Problem: In the records below, find the line with "This subtraction worksheet", then retype it and every following line exactly, stopping after the line with "ご覧頂きありがとうございます。 今回はスタジャンを使ったコーデ。 では👋🏻". Leave the pictures out.

Provided entries:
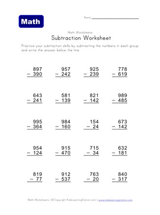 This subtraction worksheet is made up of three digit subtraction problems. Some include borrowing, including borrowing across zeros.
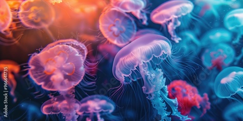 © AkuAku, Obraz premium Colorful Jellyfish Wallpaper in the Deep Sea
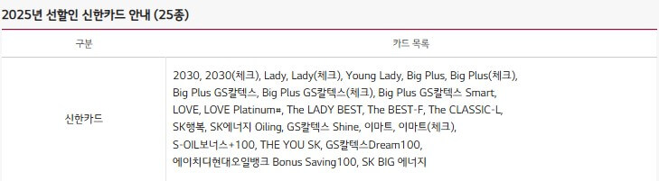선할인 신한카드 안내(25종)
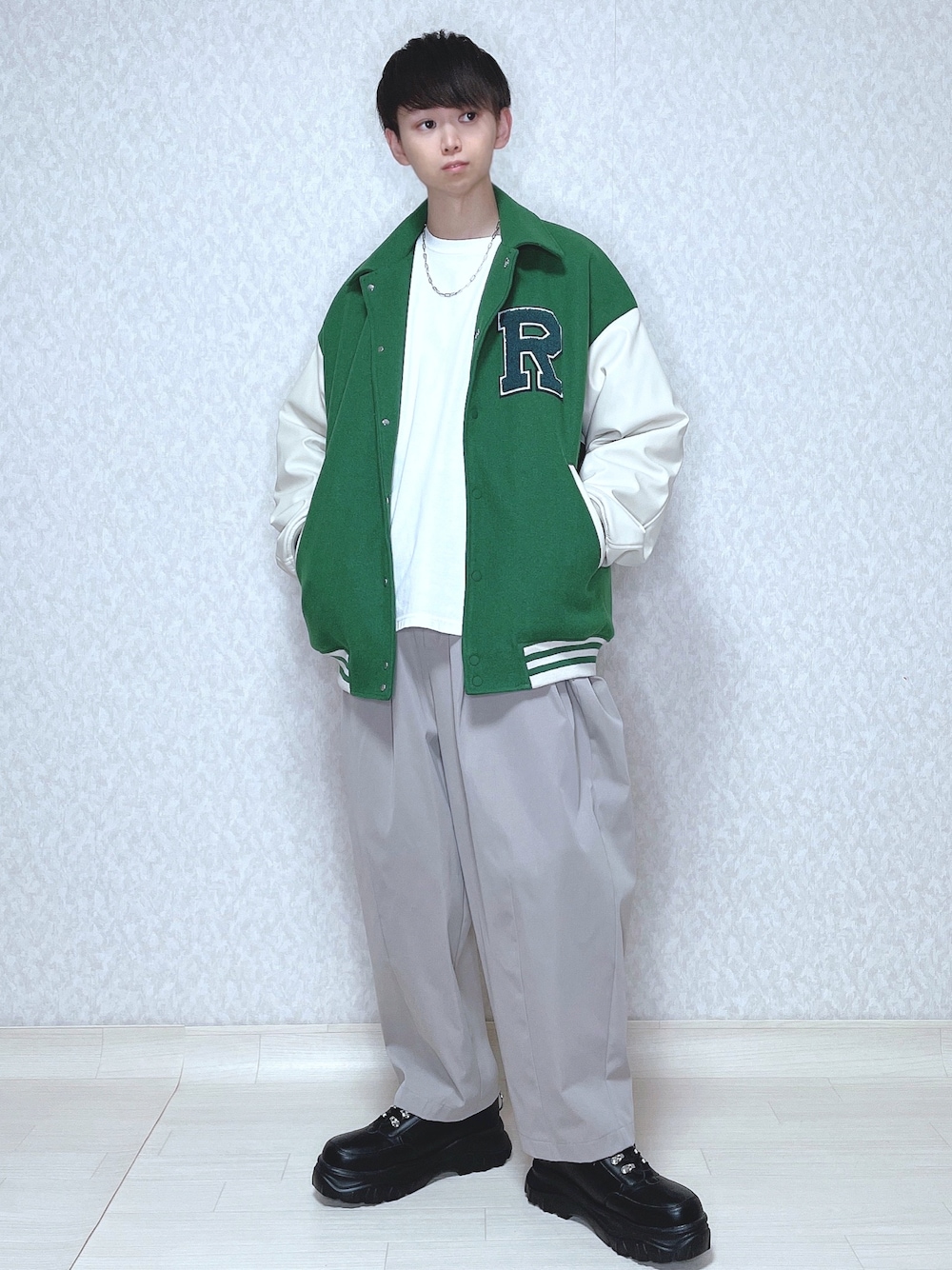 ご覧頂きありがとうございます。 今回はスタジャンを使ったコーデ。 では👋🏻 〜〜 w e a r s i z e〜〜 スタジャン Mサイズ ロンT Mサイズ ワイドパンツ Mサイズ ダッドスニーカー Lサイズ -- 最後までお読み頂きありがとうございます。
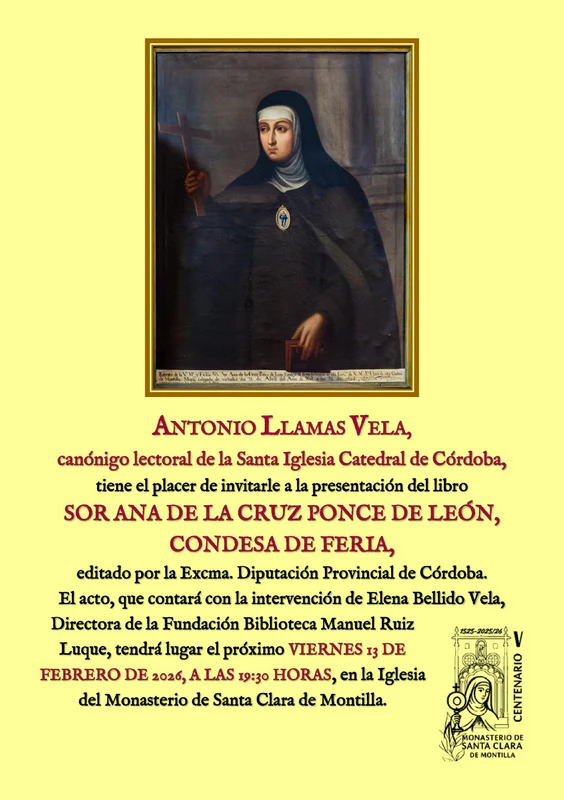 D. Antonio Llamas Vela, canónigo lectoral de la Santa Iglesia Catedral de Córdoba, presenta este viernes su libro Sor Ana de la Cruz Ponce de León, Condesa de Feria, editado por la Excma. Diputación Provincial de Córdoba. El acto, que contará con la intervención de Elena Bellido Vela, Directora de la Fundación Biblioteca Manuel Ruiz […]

* * *

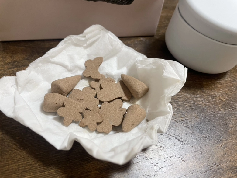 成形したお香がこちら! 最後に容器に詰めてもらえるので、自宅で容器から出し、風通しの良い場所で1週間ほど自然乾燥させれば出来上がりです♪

Written answer:
 This subtraction worksheet is made up of three digit subtraction problems. Some include borrowing, including borrowing across zeros.
 © AkuAku, Obraz premium Colorful Jellyfish Wallpaper in the Deep Sea
선할인 신한카드 안내(25종)
 ご覧頂きありがとうございます。 今回はスタジャンを使ったコーデ。 では👋🏻 〜〜 w e a r s i z e〜〜 スタジャン Mサイズ ロンT Mサイズ ワイドパンツ Mサイズ ダッドスニーカー Lサイズ -- 最後までお読み頂きありがとうございます。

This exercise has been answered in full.